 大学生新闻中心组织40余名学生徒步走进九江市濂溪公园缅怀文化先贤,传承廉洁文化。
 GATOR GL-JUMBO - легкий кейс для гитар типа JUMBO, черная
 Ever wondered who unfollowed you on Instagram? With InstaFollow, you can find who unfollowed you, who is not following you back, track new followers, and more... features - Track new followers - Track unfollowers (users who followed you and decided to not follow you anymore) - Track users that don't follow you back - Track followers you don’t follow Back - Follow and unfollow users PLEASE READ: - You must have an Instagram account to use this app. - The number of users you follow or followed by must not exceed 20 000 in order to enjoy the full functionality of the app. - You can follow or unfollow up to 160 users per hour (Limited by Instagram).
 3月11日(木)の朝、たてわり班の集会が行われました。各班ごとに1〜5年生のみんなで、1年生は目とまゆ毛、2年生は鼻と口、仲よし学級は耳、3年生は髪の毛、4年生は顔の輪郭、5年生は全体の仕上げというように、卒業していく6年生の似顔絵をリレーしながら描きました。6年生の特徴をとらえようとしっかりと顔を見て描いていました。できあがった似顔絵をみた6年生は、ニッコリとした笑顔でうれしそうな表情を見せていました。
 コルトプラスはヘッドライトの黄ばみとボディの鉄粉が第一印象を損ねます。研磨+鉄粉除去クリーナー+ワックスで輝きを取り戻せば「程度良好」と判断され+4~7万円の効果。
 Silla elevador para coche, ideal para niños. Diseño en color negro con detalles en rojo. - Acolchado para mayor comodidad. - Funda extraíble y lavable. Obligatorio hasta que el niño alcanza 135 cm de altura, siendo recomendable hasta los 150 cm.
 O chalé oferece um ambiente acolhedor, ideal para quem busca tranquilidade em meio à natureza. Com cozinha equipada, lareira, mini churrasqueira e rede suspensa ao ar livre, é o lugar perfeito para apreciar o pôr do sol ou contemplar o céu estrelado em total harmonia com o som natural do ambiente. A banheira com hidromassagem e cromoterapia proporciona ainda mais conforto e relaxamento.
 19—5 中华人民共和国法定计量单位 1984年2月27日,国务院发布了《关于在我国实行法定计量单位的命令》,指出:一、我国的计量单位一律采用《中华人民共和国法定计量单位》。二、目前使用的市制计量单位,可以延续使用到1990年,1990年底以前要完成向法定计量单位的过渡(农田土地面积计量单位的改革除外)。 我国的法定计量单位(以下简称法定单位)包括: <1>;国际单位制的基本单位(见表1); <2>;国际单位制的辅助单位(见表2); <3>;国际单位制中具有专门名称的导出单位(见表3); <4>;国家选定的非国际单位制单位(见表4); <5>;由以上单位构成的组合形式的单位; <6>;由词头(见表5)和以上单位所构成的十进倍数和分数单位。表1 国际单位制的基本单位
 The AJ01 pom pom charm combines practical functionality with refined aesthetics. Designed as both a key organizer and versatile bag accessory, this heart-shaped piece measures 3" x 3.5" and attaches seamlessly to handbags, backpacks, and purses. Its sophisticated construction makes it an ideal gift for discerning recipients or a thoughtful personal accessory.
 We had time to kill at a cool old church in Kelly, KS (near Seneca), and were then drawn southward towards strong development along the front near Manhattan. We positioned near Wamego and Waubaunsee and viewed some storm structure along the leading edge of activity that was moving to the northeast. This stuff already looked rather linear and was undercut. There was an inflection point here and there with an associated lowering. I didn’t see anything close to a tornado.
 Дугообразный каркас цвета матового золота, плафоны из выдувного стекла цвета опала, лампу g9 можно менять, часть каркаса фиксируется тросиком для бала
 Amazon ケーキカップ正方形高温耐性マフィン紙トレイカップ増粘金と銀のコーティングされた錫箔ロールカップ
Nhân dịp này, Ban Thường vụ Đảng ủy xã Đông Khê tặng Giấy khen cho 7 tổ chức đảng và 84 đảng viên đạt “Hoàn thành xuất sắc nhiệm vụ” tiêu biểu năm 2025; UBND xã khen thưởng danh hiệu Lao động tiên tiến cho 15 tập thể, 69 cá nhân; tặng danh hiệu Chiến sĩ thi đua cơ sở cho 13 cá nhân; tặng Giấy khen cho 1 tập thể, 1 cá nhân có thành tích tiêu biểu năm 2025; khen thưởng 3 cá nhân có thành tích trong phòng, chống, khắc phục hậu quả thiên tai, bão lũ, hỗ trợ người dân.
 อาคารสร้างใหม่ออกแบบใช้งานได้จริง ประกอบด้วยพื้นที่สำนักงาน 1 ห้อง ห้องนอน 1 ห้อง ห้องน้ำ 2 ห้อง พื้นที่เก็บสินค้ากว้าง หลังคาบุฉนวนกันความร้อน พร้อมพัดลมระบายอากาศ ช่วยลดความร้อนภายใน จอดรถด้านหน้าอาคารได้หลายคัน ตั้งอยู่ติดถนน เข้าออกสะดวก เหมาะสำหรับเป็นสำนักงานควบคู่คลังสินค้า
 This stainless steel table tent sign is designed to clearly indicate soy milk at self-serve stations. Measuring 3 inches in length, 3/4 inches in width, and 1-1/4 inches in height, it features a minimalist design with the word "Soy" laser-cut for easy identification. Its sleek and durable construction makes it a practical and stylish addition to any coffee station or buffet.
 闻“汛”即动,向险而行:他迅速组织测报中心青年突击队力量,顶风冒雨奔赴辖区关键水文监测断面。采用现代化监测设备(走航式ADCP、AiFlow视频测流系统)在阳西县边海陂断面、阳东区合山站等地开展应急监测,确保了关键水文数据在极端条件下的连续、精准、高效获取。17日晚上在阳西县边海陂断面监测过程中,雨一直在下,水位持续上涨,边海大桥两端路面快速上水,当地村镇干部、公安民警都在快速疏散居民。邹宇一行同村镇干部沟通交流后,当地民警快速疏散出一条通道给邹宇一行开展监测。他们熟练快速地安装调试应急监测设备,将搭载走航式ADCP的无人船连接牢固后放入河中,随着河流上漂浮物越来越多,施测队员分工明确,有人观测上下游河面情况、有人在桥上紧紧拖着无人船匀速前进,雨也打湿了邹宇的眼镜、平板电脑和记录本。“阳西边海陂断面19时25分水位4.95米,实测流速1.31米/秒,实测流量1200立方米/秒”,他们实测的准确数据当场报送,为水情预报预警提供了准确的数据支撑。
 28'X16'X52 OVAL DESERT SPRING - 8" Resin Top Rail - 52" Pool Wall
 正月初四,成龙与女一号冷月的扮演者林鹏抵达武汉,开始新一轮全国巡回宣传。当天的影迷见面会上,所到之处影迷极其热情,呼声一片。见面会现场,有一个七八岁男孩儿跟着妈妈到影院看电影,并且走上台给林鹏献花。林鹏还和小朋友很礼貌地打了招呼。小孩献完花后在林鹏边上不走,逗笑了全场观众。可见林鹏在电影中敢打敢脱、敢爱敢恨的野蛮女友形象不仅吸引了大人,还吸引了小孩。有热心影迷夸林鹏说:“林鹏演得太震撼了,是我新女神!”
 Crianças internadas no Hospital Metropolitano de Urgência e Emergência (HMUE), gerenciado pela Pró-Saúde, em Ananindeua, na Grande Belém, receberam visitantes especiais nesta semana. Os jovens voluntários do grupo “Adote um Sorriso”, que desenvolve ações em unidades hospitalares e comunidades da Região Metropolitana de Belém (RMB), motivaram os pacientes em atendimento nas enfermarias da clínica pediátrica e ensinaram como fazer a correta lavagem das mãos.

- **Brief**
Your response should hold the lines from the first line of the entries above through the line with "GATOR GL-JUMBO - легкий", each retyped exactly, and nothing else.

- **Reply**
 大学生新闻中心组织40余名学生徒步走进九江市濂溪公园缅怀文化先贤,传承廉洁文化。
 GATOR GL-JUMBO - легкий кейс для гитар типа JUMBO, черная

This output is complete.